_Task description_
Among the lines of the listing below, retype exactly those from the one containing "cortada. Este sector" through the one containing "Experto de UNEP", both included. Do not include pictures.

_The data_
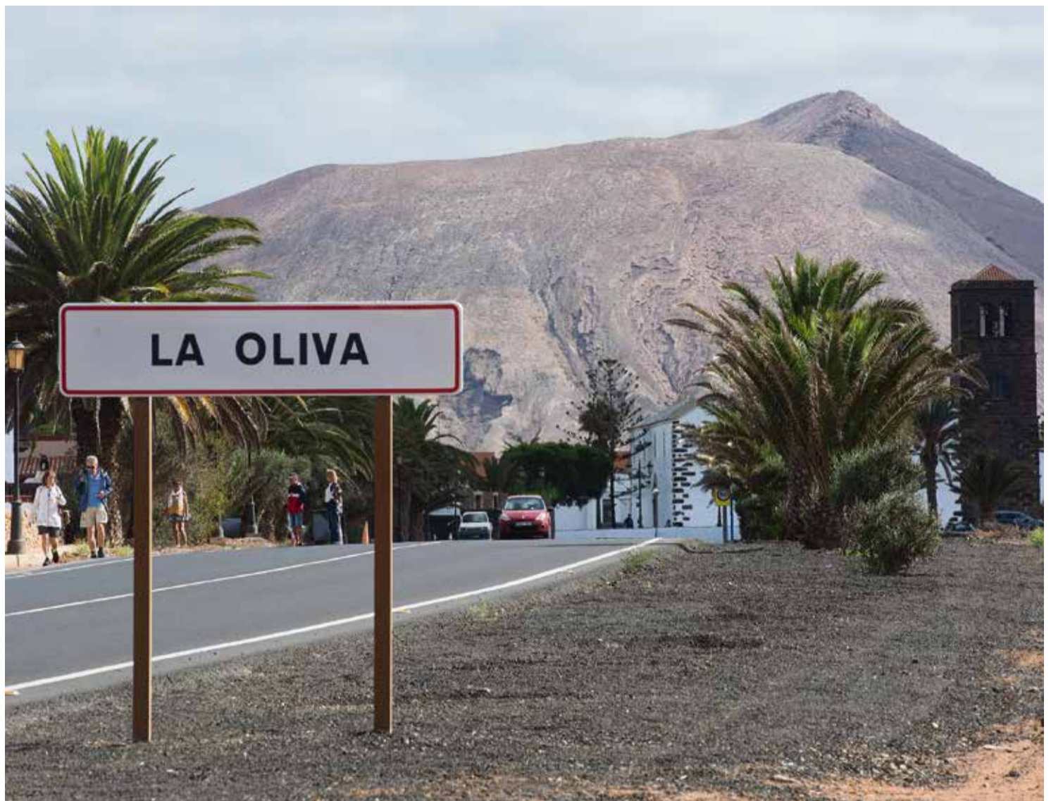
Entrada al pueblo de La Oliva.
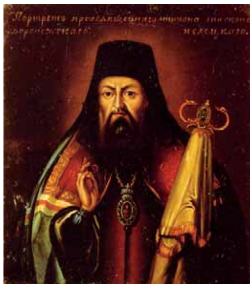
Портрет епископа Воронежского и Елецкого Тихона, конец XVIII в.

В 1835–1836 гг. от Задонска до Хлевногo устроили шоссе, а в 1851 г. открыта шоссейная дорога от Задонска до Воронежа — первая в Воронежской губернии. Через р. Дон в городе на лето устраивалась паромная переправа, а в 1799 г. был впервые установлен плашкоутный мост.
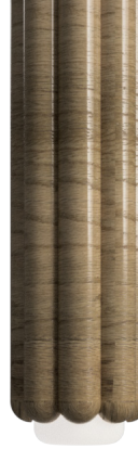
CN Cèdre naturel
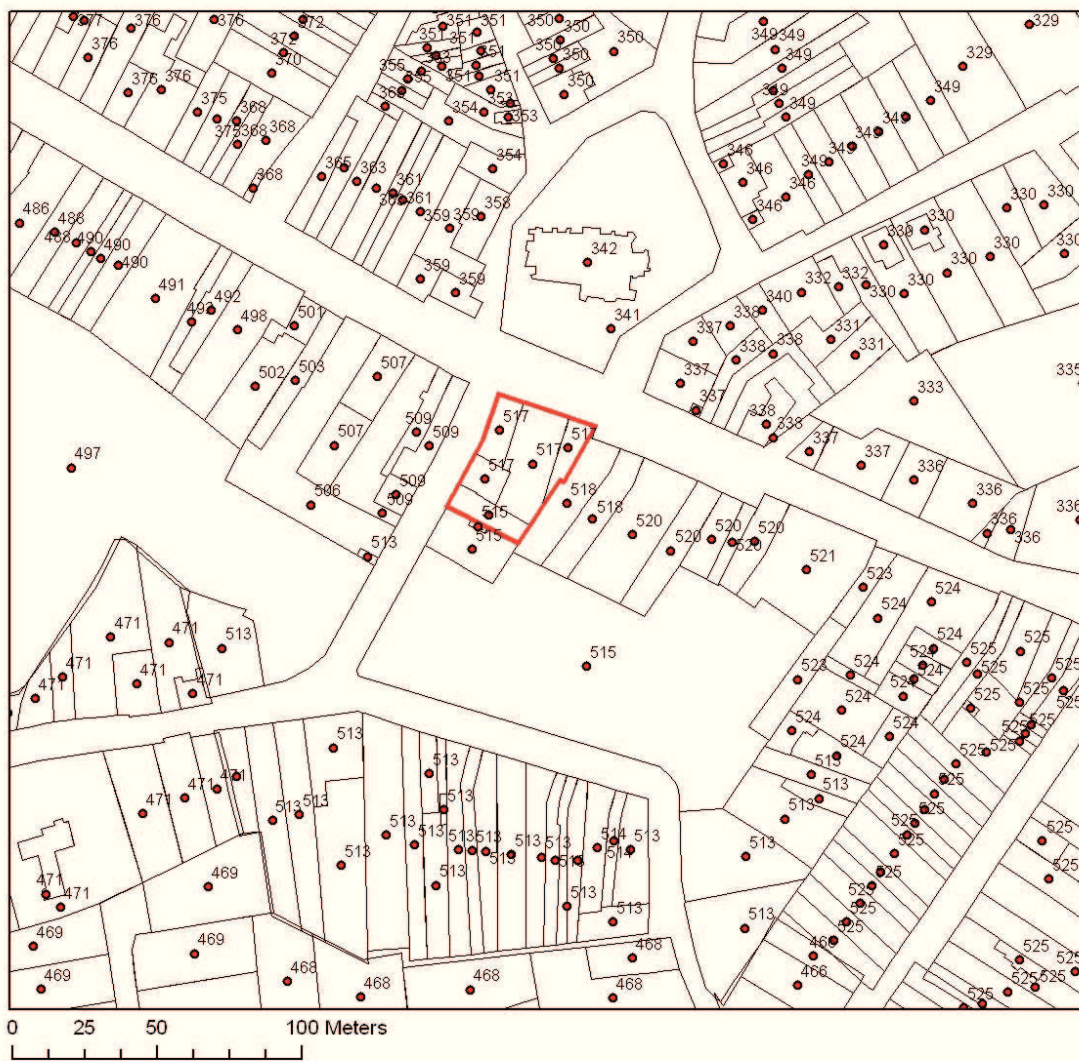
Fig. 1 Kadastrale kaart met aanduiding van de vindplaats in het rood.
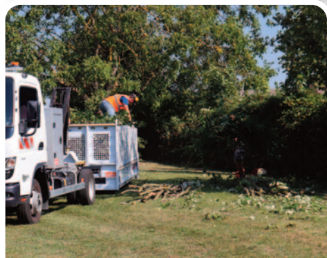
Taille des arbres et des haies à l'école du Village des Enfants.
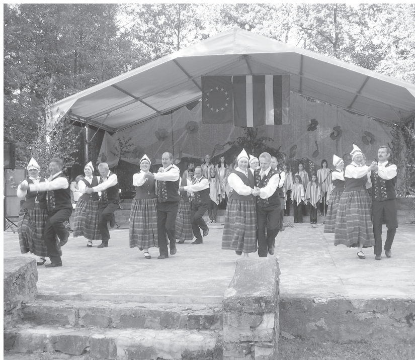
Trapenes Mazajos dziesmu un deju svētkos, deju ļaudonieši.

5. jūnijā Ļaudonas kultūras nama vidējās paaudzes deju kolektīvs piedalījās Apes novada Trapenes pagasta Mazajos dziesmu un deju svētkos. Šis bija kolektīva pirmais izbraukums ārpus bijušā rajona robežām. Aizbraucot izmēģinājām Trapenes estrādes skatuvi. Pēc tam viesu kolektīviem Trapenes kultūras nama dziedātāji sniedza koncertu kultūras namā. Pēc koncerta sākām pokies svētku gājienam. Gājiens notika no pašvaldības ēkas uz estrādi, kājas ritmā palīdzēja cilāt pūtēju orķestris. Estrādē notika plašs vietējo pašdarbnieku un viesu kolektīvu koncerts. Piedalījās Ozolnieku vidusskolas jauktais koris, Trapenes-Sikšņu pamatskolas koris, Kārsavas kultūras nama sieviešu vokālais ansamblis "Saulesprieks", līnijdeju grupas no Virešiem un Gaujienas "Sten up", Kalsnavas dāmu deju grupa "Magnolija", Cēsu kultūras centra vecākās paaudzes deju kolektīvs "Dzirnas", Trapenes kultūras nama dziedošie kolektīvi "Cālēni", "Skabargas", "Twister", "Ilūzija", Trapenes kultūras nama senioru deju kolektīvs "Bormanītes", Apes tautas nama pūtēju orķestris un viesi no Igaunijas-Lahedas deju kolektīvs, Lahedas jauktais koris un Parksepas pūtēju orķestris. Šie svētki Trapenē notiek jau
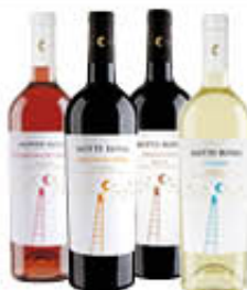
NOTTEROSSA VINI DEL SALENTO IGP 75 CL
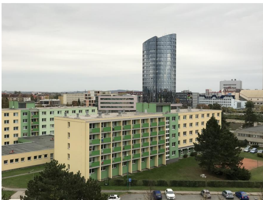
Студенческое общежитие Университета им. Палацкого
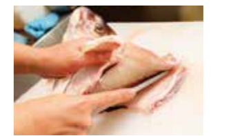
長次郎のこだわり ②
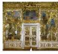
Lin.II, Spiegelsaal, R.12, Ruhebett und Kamine, DI014639, BSV-
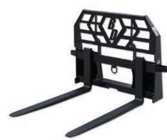
ANILLO EN D DE ALTA RESISTENCIA 4,000 LBS
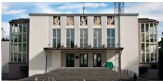
Драматический театр им. Александра Венгерки
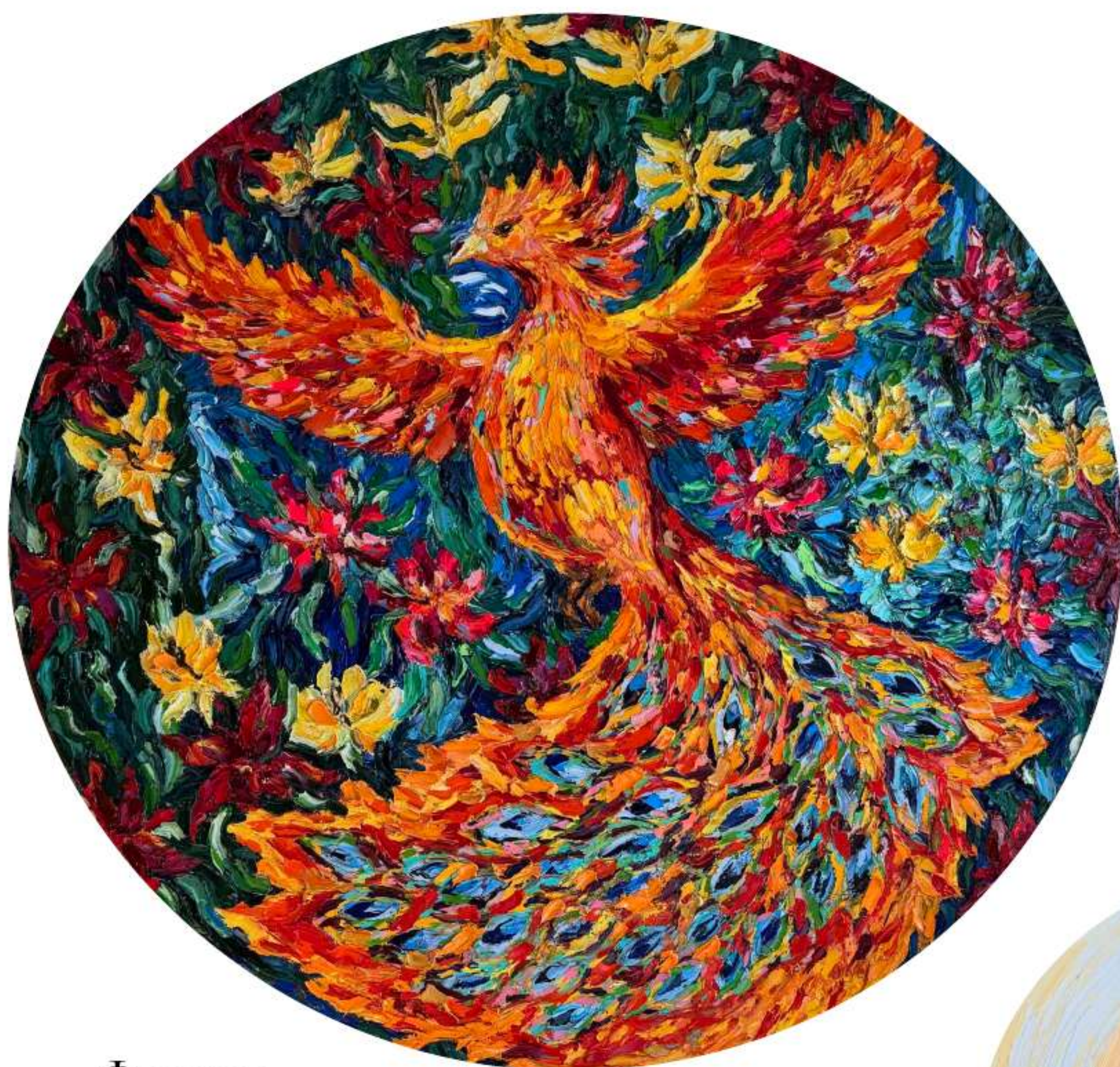
«Феникс в садах Курандеро» 160 x 160 см, 2026
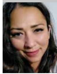
Por | Mónica Ortiz
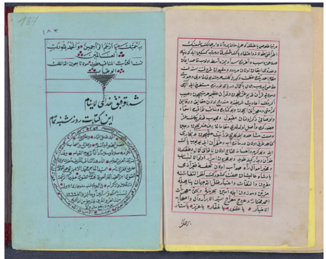
Fig. 6: SUB HH, Cod. orient. 326, fols. 186 r /187 v .
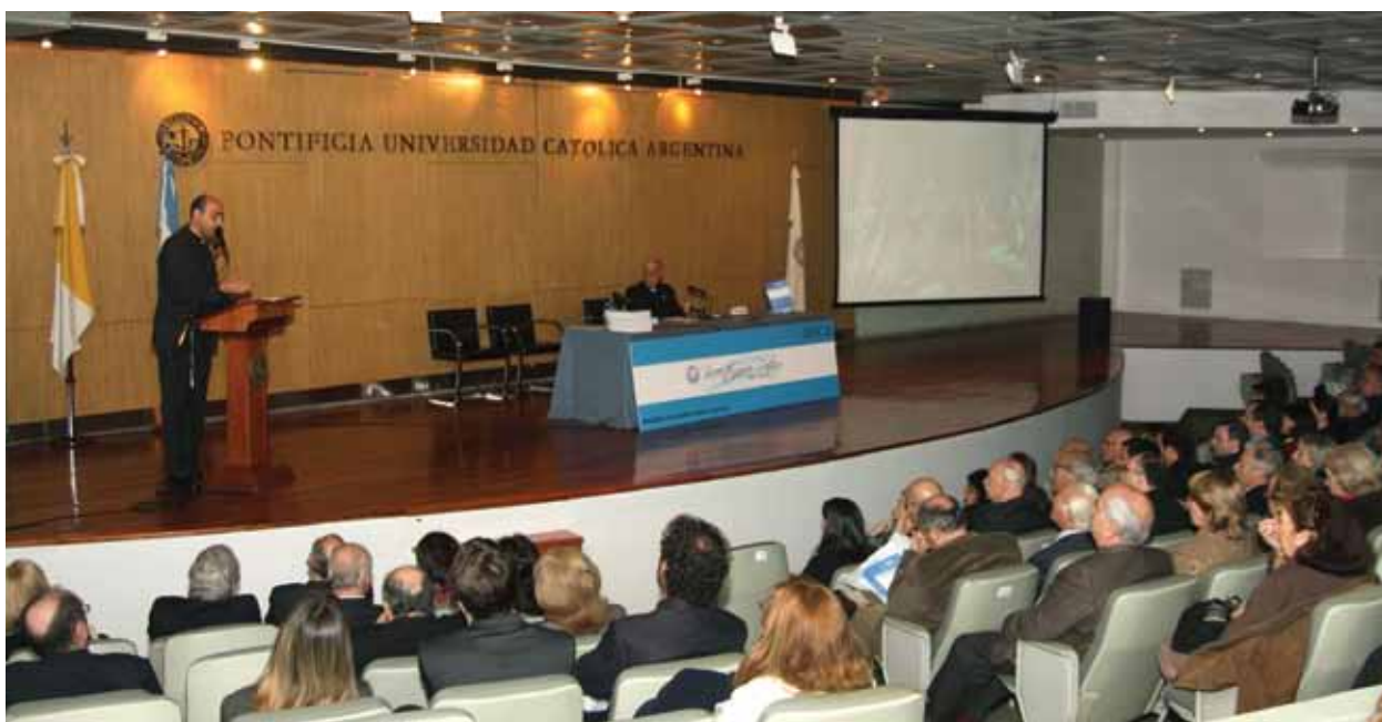
El Rector de la UCA y el Presidente de la Comisión Bicentenario inauguran el Triduo Celebratorio presentando las Actas del Congreso “Hacia el Bicentenario. 2010-2016”.
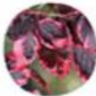
Fagus sylvatica "Bonsenmargitata" Skrlatnomrtnata bukva
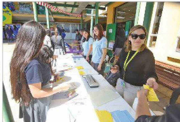
El conglomerado estudiantil recibió información sobre actividades que les ayuden sobre las técnicas de regularización emocional.
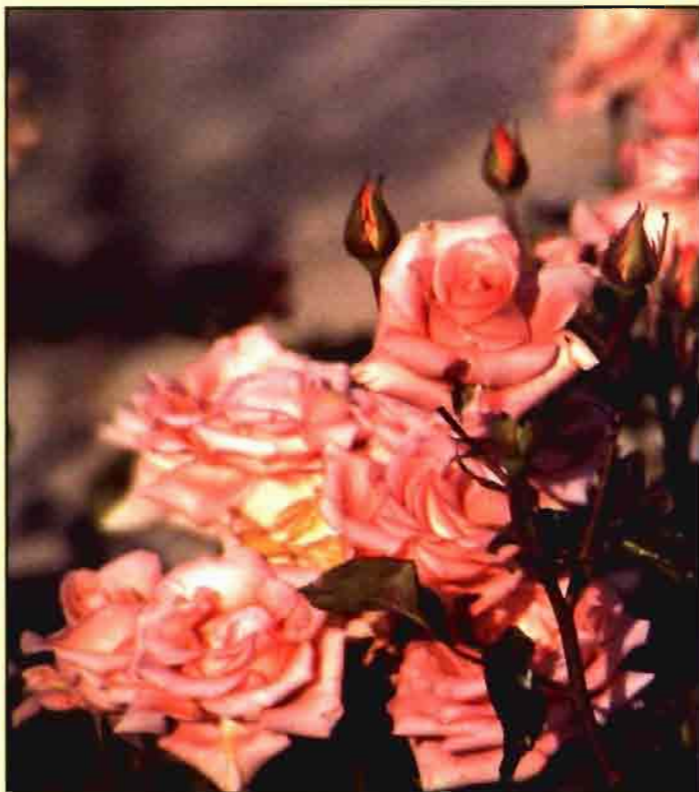
Las rosas constituyen una de las principales producciones del sector de la flor.

cortada. Este sector cuenta con un mercado floreciente para flor de "fuera de temporada", encontrando una gran demanda interior y también en los países comunitarios del norte de Europa.
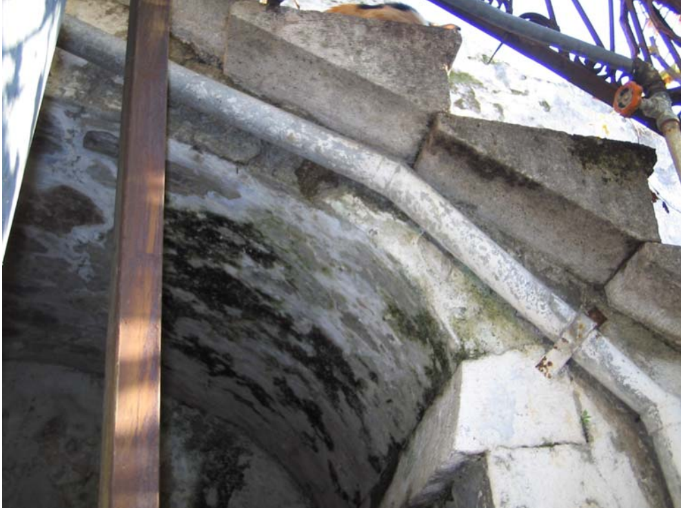
Şekil C.129. Avludaki kesme taş kemerin güneydoğu yönünden görünüşü
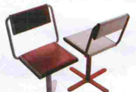
Silla Zoe de Roberto Lazzeroni para Fasem. Se combina el naranja y el claro. Asiento y respaldo de piel. Precio, 741,60 euros. www.fasem.it
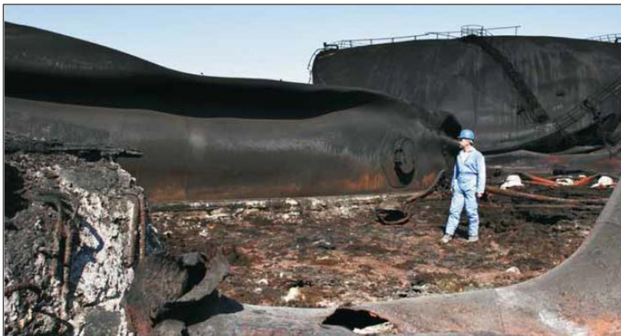
Experto de UNEP investigando uno de los tanques de almacenamiento dañados en la planta Jiyeh, 2007.

El 17 de agosto de 2006, la Organización Marítima Internacional y el PNUMA se reunieron en Atenas y acordaron el plan de acción para asistir a las autoridades libanesas con la limpieza. Los daños directos derivados del bombardeo de la central se estimaron en US$ 139,6 millones, y el coste de las tareas de limpieza en US$ 65 millones, las cuales pudieron contener la contaminación masiva de casi todo el litoral libanés.
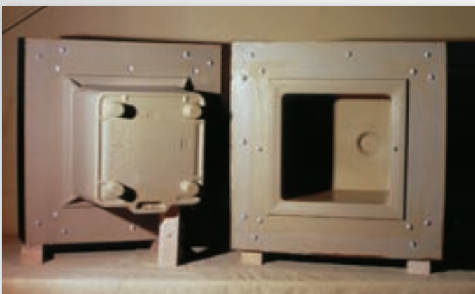
Sanitärkeramik - Laborbecken Sanitary ceramics - laboratory basin Sanitaire - lavabo de laboratoire
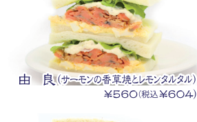
由良(サーモンの香煎焼とレモンタルタル) ¥560(税込¥604)
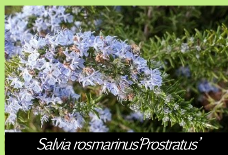
Salvia rosmarinus 'Prostratus'
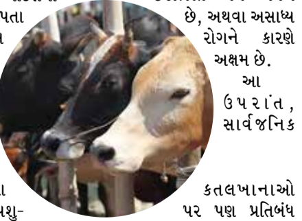
કતલખાનાઓ પર પણ પ્રતિબંધ મૂકવામાં આવ્યો છે.

ઉલ્લંઘન કરવા પર થયો જેલ, સુવેન્દુ સરકાર 75 વર્ષ જુનો કાયદો લાવી; સરકારી સર્ટિફિકેટ વિના ગાય, બળદ, ભેંસ મારી શકાયો નહીં (એજન્સી) પશ્ચિમ બંગાળ તા. 14 પશ્ચિમ બંગાળની BJP સરકારે રાજ્યમાં ગાયોની હત્યા પર પ્રતિબંધ મૂક્યો છે. CM સુવેન્દુએ 1950ના બંગાળ કાયદા અને 2018ના કલકત્તા હાઈકોર્ટના આદેશનો હવાલો આપતા એક નોટિસ જારી કરી છે. આ નોટિસમાં કહેવામાં આવ્યું છે કે 'ફિટનેસ સર્ટિફિકેટ' વિના કોઈપણ પશુ-ભેંસની હત્યા સંપૂર્ણપણે પ્રતિબંધિત છે. બંગાળ સરકારે કહ્યું કે ફિટનેસ સર્ટિફિકેટ ફક્ત કોઈ નગરપાલિકાના અધ્યક્ષ, કોઈ પંચાયત સમિતિના પ્રમુખ અને એક સરકારી પશુચિકિત્સક સાથે મળીને જારી કરવામાં આવશે. આ સર્ટિફિકેટ ત્યારે જ જારી થશે જ્યારે ઓથોરિટી સહમત થાય કે પ્રાણી 14 વર્ષથી વધુ ઉંમરનું છે, તે પ્રજનન માટે લાયક નથી અને ઘરડું છે. ઈજાગ્રસ્ત અને અર્પંગ છે, અથવા અસાચ્ય રોગને કારણે અક્ષમ છે. આ ઉપરાંત, સાર્વજનિક કતલખાનાઓ પર પણ પ્રતિબંધ મૂકવામાં આવ્યો છે. સરકારે કહ્યું છે કે પ્રાણીઓની હત્યા ફક્ત નગરપાલિકાના કતલખાનામાં, અથવા સ્થાનિક પ્રશાસન દ્વારા નિર્ધારિત કતલખાનામાં જ કરવામાં આવશે.
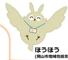
ほうほう (岡山市地域包括支援センターキャラクター)

岡山市地域包括支援センターの 認知症担当キャラクターです。 もの忘れが気になりはじめたら 相談してみよう! 認知症への備えが最初の一步。
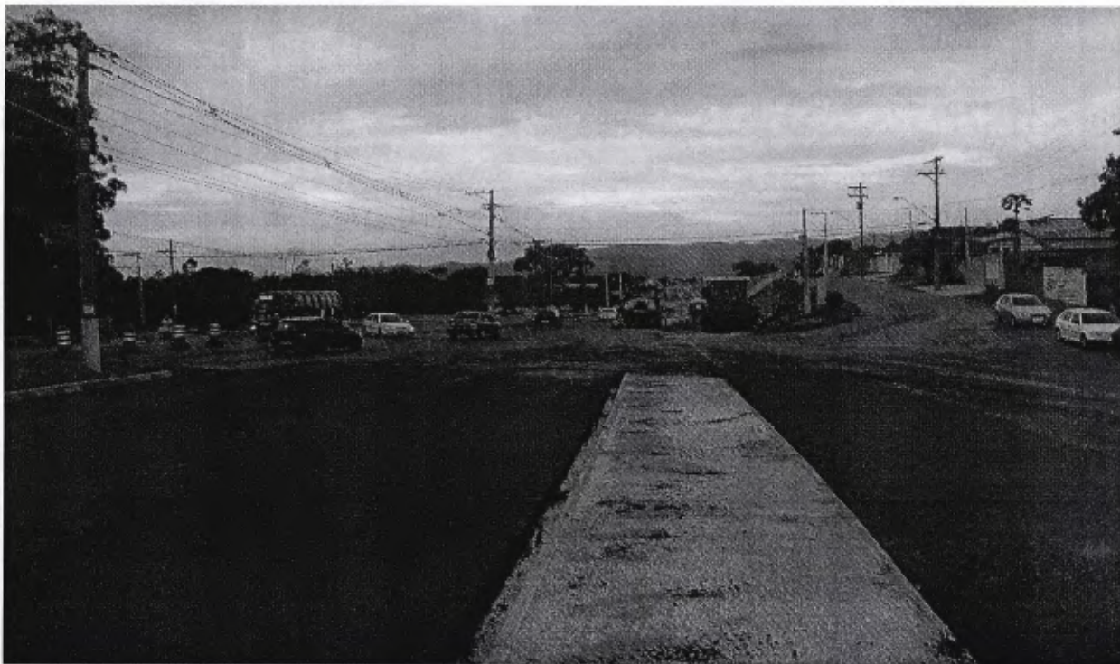
Foto defronte ao Residencial Triângulo, local sugerido pelos moradores e comerciantes para construção de uma rotatória ou de um retorno – Detalhe: veículo fazendo retorno

Com a construção do canteiro central, o bairro ficou sem acesso para quem trafega no sentido do bairro Cidade Nova para o Centro.

_Answer section_
cortada. Este sector cuenta con un mercado floreciente para flor de "fuera de temporada", encontrando una gran demanda interior y también en los países comunitarios del norte de Europa.
Şekil C.129. Avludaki kesme taş kemerin güneydoğu yönünden görünüşü
Silla Zoe de Roberto Lazzeroni para Fasem. Se combina el naranja y el claro. Asiento y respaldo de piel. Precio, 741,60 euros. www.fasem.it
Experto de UNEP investigando uno de los tanques de almacenamiento dañados en la planta Jiyeh, 2007.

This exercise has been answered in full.